Father Alphonse Ratisbonne

~ Salvation Through Mary ~

JACQUES TERRIEN

For the common run of souls, the spiritual life resembles, most often, a slow and difficult pilgrimage to Heaven, made up of falls and recoveries, resignation and confident perseverance. But to clearly show that he is the Master of all and in order to encourage us never to doubt his mercy, God sometimes performs great works of love, with which his holy Mother is frequently associated, so as to render these wonders still more touching.

Among all the manifestations of the goodness of Mary towards her children, the conversion of Alphonse Ratisbonne, an Israelite from the Alsatian bourgeoisie, is certainly one of the most spectacular and moving in the entire history of Christianity. Often compared to that of Saul on the road to Damascus, the spiritual and moral transformation of Alphonse Ratisbonne was immediate and total. What was there in common between the intellectual arrogance of a young son of the family promised every success, and the touching humility of the founder of Ecce Homo in the twilight of his life?

Rome Rendez-vous

When he arrived in Rome at the beginning of 1842, Alphonse Ratisbonne was a young man destined for a brilliant future. Belonging to a wealthy Jewish family from Strasbourg, he shared with several Israelites of his station a high ideal: to undertake the moral and material regeneration of the most disadvantaged members of the Jewish community of Alsace and Germany.

However, despite his lofty aspirations, Alphonse had received no religious education and did not observe the least dictates of Judaism.

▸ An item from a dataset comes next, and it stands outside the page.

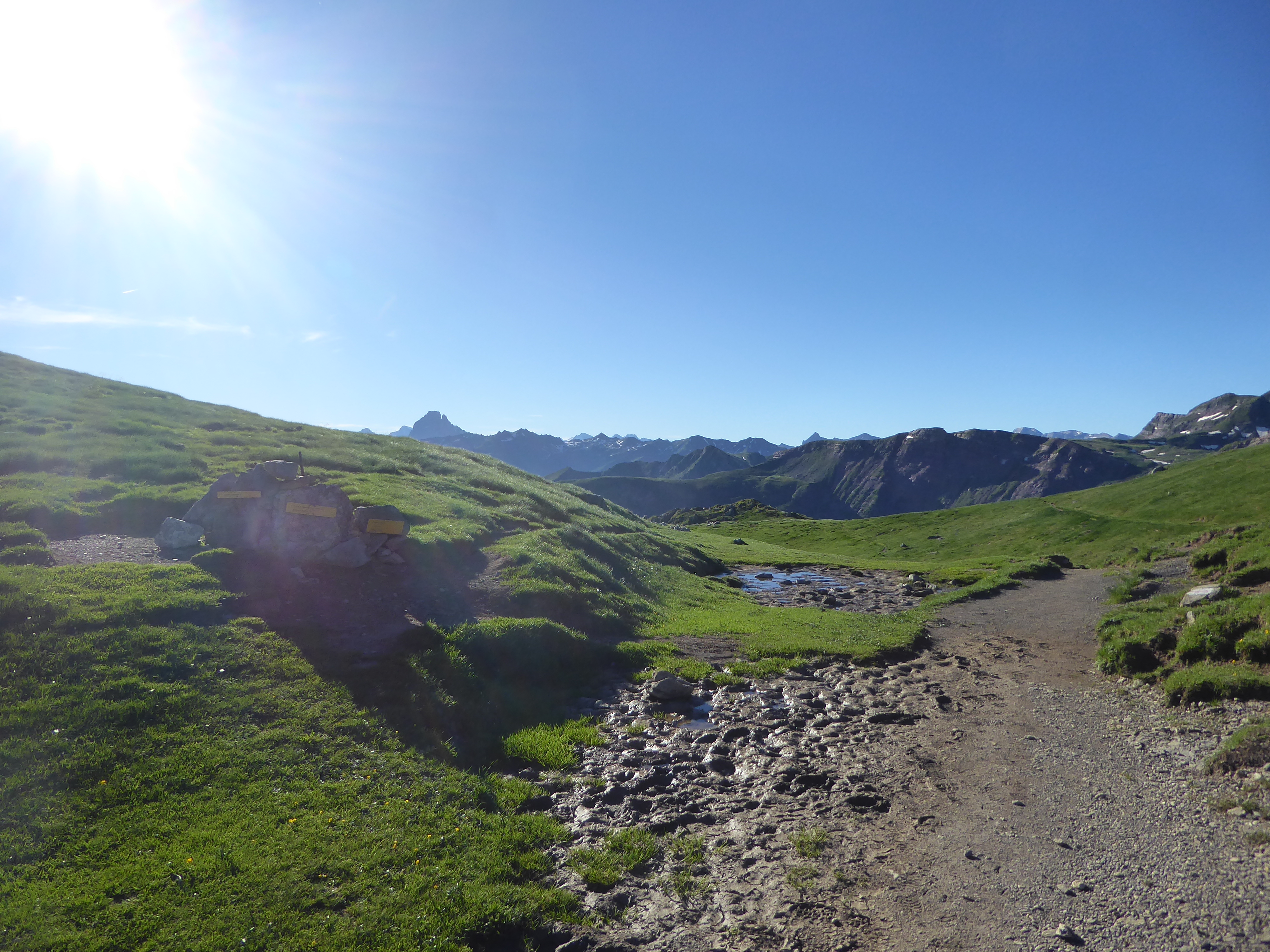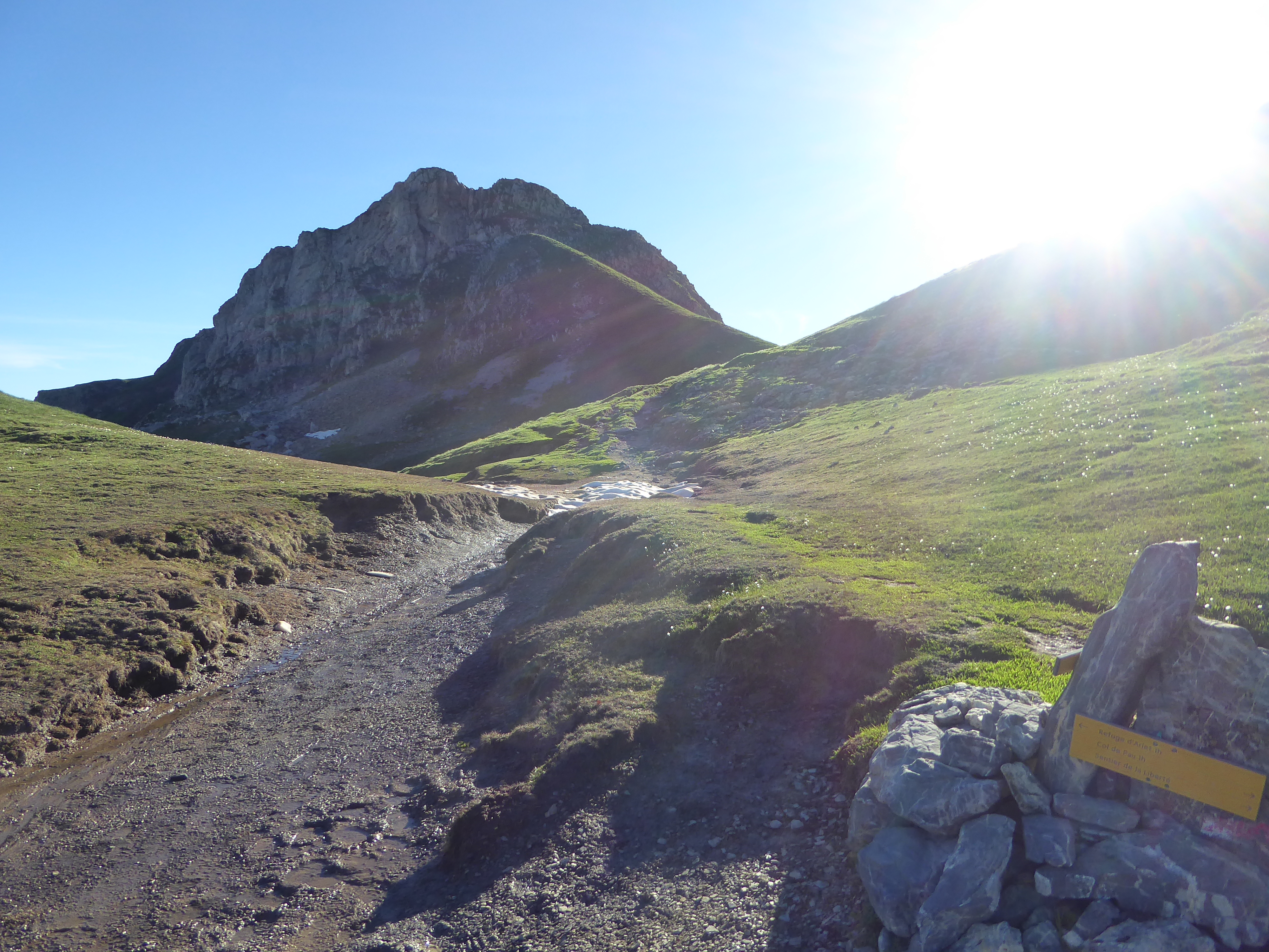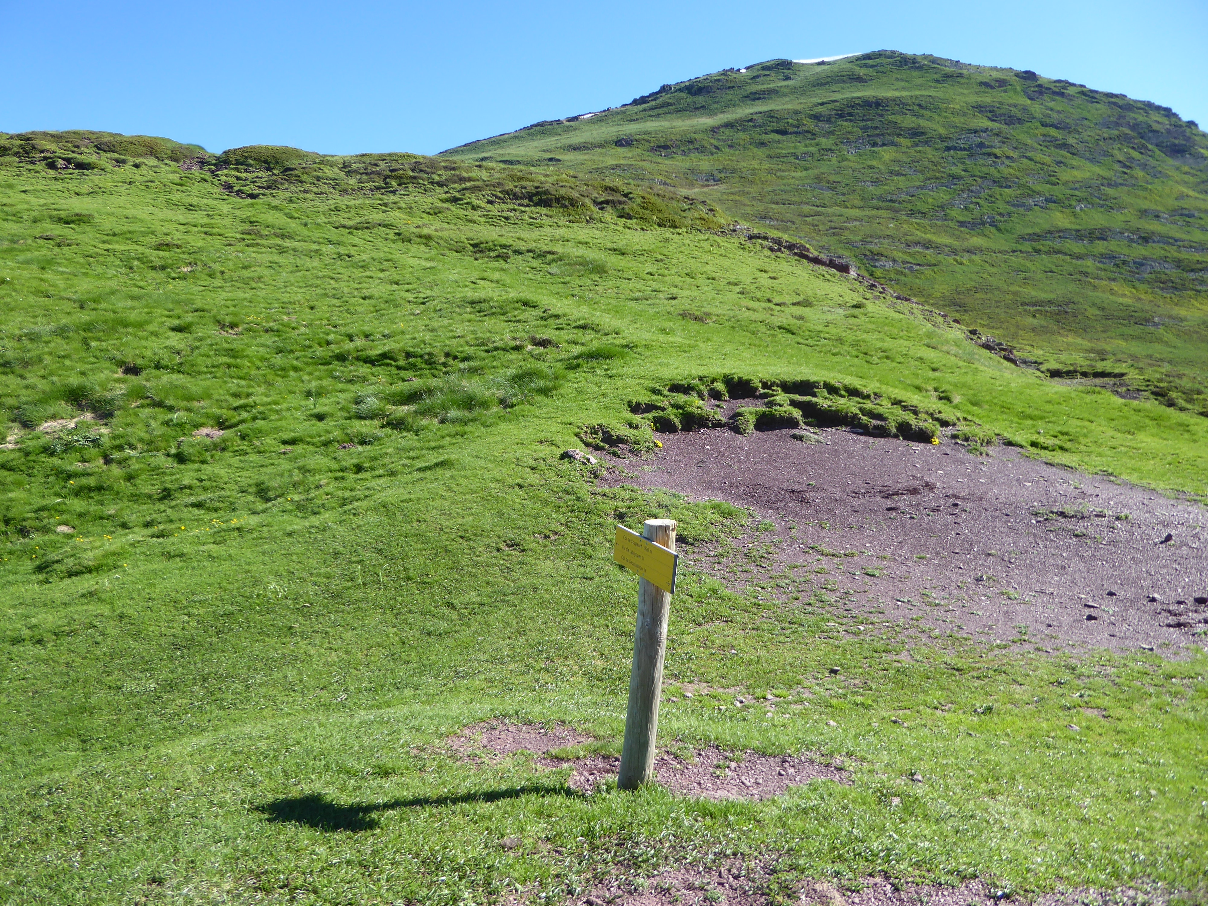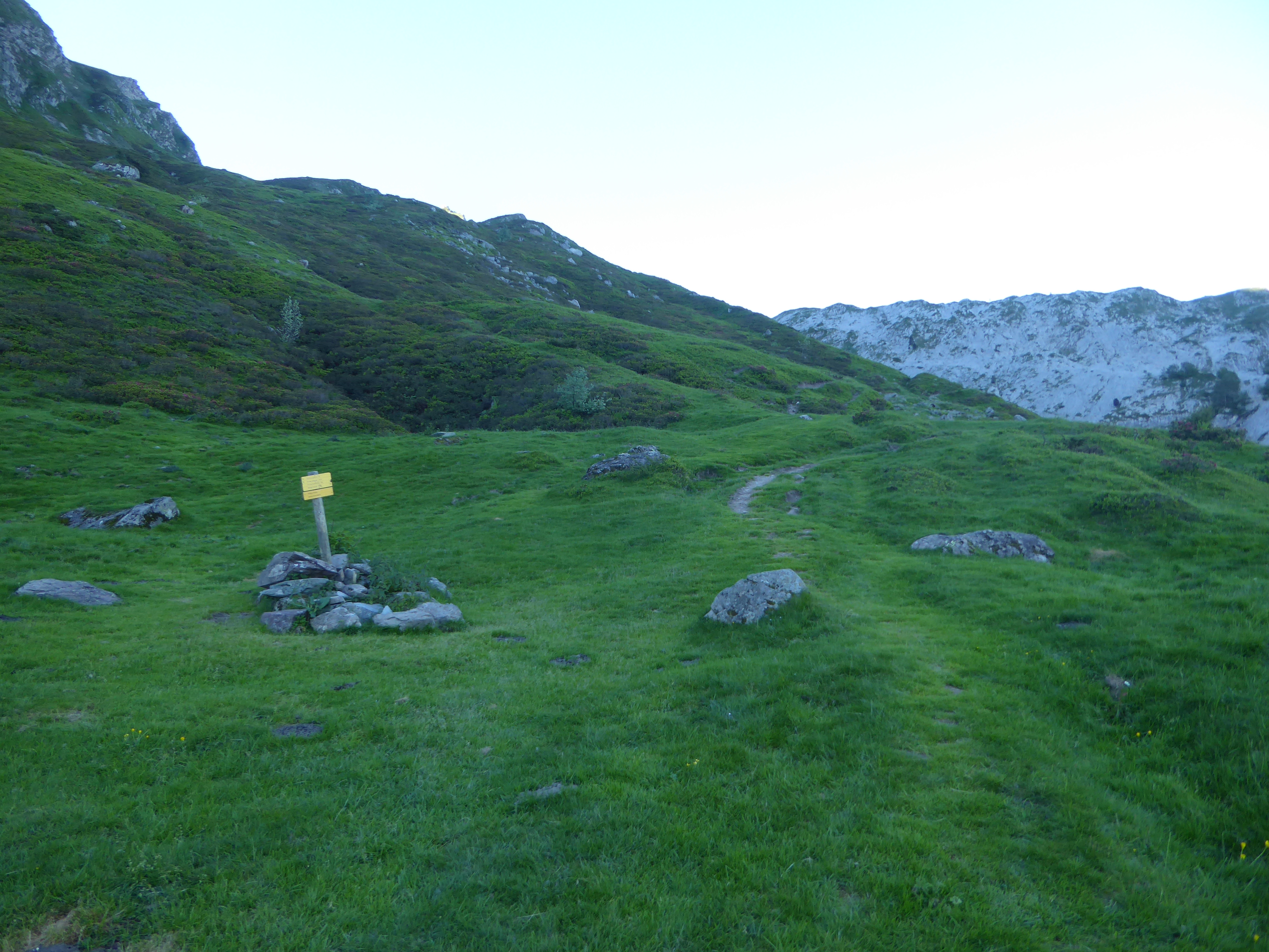 A ce croisement marqué d'un panneau directionnel avant le Col de Saoubathou (1949 m), suivre le chemin partant sur la gauche direction Col de Saoubathou

His intelligence, as one biography notes, "had something cold and positive about it." Possessed of a caustic and mocking spirit, he was driven by a ferocious hostility towards Catholics; hostility further aggravated by his brother Theodore entering the Church several years earlier.

The voyage that our convinced rationalist made to Rome during winter 1842, having just become engaged to a young Alsation girl of high society, was therefore "the intellectual pilgrimage" that all cultivated young men undertook in this era to the ancient landmarks of Civilisation.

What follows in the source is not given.